С первым же шагом по крыльцу обожгло гортань морозцем; за считанные мгновения, пока до церкви шел, проник холодок и под шубу. А шагнул в притвор — теплом обволокло. Сумрачно в церкви, несуетно; у алтаря свечи теплятся, чуть сбоку, перед ликом Богородицы, во Владимире писанным, тлеет лампада масляная.
А вокруг лампады — клубы мрака, отгоняемые слабеньким необоримым огоньком; вот-вот, кажется, сомкнется, задушит утлое пламя — но нет! не в силах… и вновь отползает, рассеиваясь мутными струями.
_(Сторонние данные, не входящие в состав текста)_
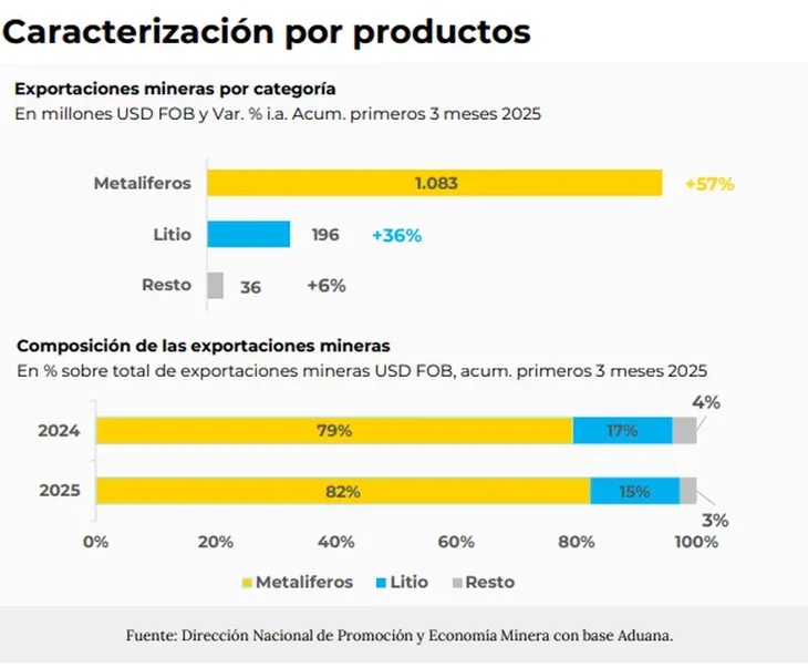Según la Secretaría de Minería de la Nación, las exportaciones mineras representaron el 7,4% del total nacional entre enero y marzo, con un crecimiento interanual del 51,9%. En marzo, las ventas al exterior alcanzaron US$479 millones, un 47% más que en 2024, equivaliendo al 7,9% de las exportaciones totales del país.
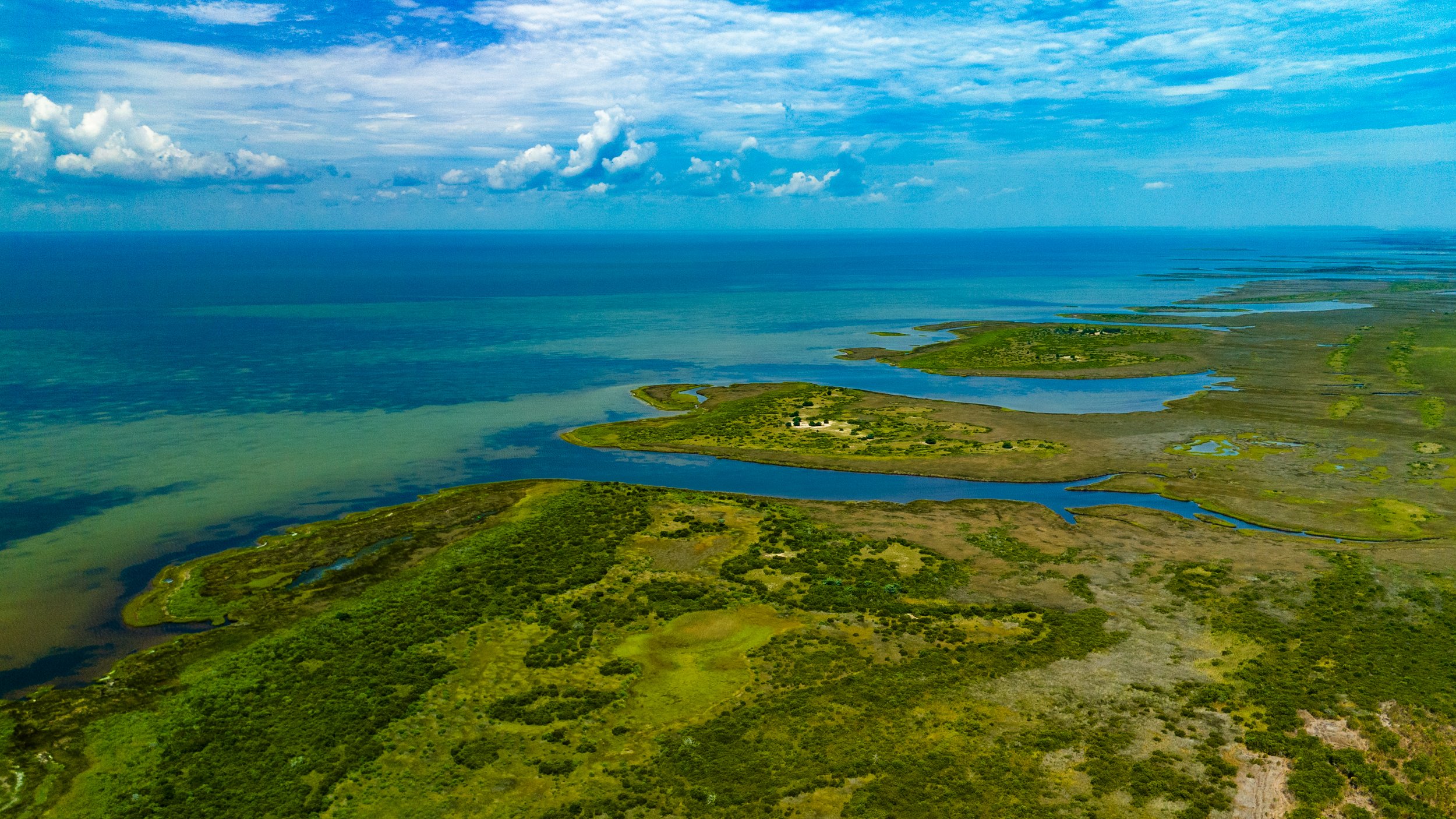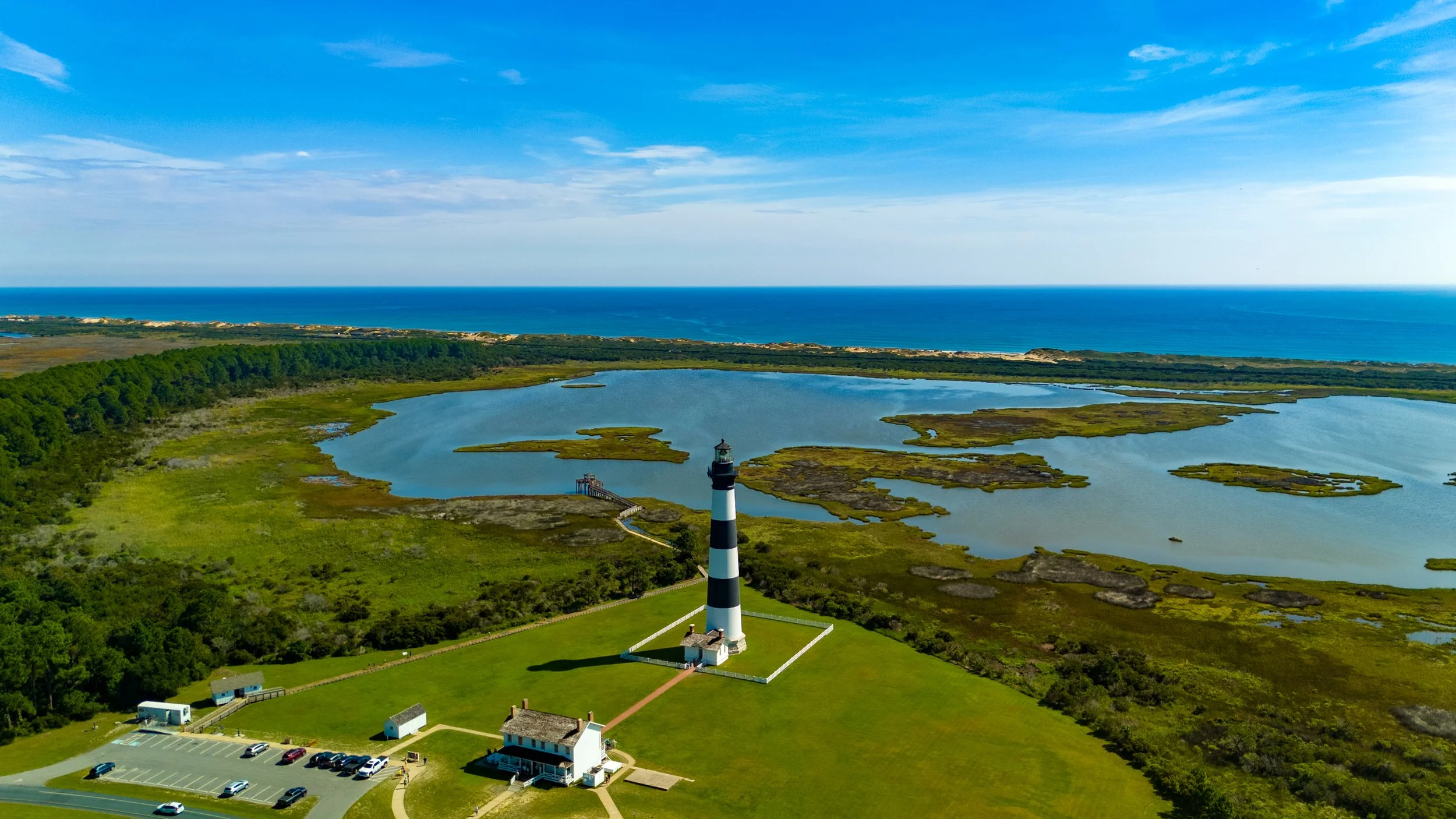 Rising above sweeping marshland and the distant Atlantic horizon, the striped lighthouse stands in quiet command over the Outer Banks. From above, the barrier island reveals its layered landscape — sound, dune, and sea held in delicate balance.

На киоте же, обрамляя скорбный лик Богоматери, глядящей в душу темными несловенскими очами гречинки, утеснились малые картины деяний, давным-давно в сих местах бывших, деяний странных, о коих не то что говорить — мыслить страшно…
И вспомнилось: седатые пряди попа-наставника, розга в чане с рассолом, скамья тесаная; голос отцовский: «Внимай дидаскалу note 9, Мишка, воспитывайся, не то помрешь дурнем…»; и другой голос, уж не родительский, тихий, грустноватый; говорит отец Нафанаил: «…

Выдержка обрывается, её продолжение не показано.